Она качает головой, пряча улыбку, когда смотрит на меня. Короткие волосы ей идут. Хотя я уверен, что мало что ей не идет. Но мне нравится, когда она такая — волосы в беспорядке, а губы улыбаются мне.
Ее нога все еще перекинута через мою, что заставляет ее сидеть боком. Я долго изучаю ее, прежде чем сказать: — Это была Адена, не так ли?
Все в ней словно сжимается при упоминании подруги. — А что с Аденой?
— Кровь, — мягко отвечаю я. — У тебя никогда не было проблем с ней раньше…
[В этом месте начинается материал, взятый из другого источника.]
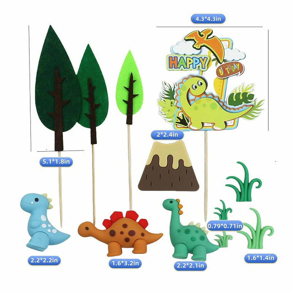 - 【Comprehensive Set】: 3 dinosaurs, 3 leaves, 4 grass pieces, 1 volcano, and 1 "Birthday" banner, ideal for gifting and creating unforgettable jungle adventure themed parties

— До того, как она умерла, — прямо говорит она. — Что-то в том, чтобы быть покрытым кровью тех, кого ты любишь — больше одного раза — делает тебя неспособным выносить ее вид, ощущение, запах. Наверное… наверное, кровь Адены стала для меня последней каплей.
Я киваю, понимая по-своему. Мои глаза блуждают по ней, вбирая в себя силу, которую она не замечает. Ее собственный пронзительный взгляд скользит по моему лицу, хотя я сомневаюсь, что она видит силу. Возможно, грех. В лучшем случае — преданность.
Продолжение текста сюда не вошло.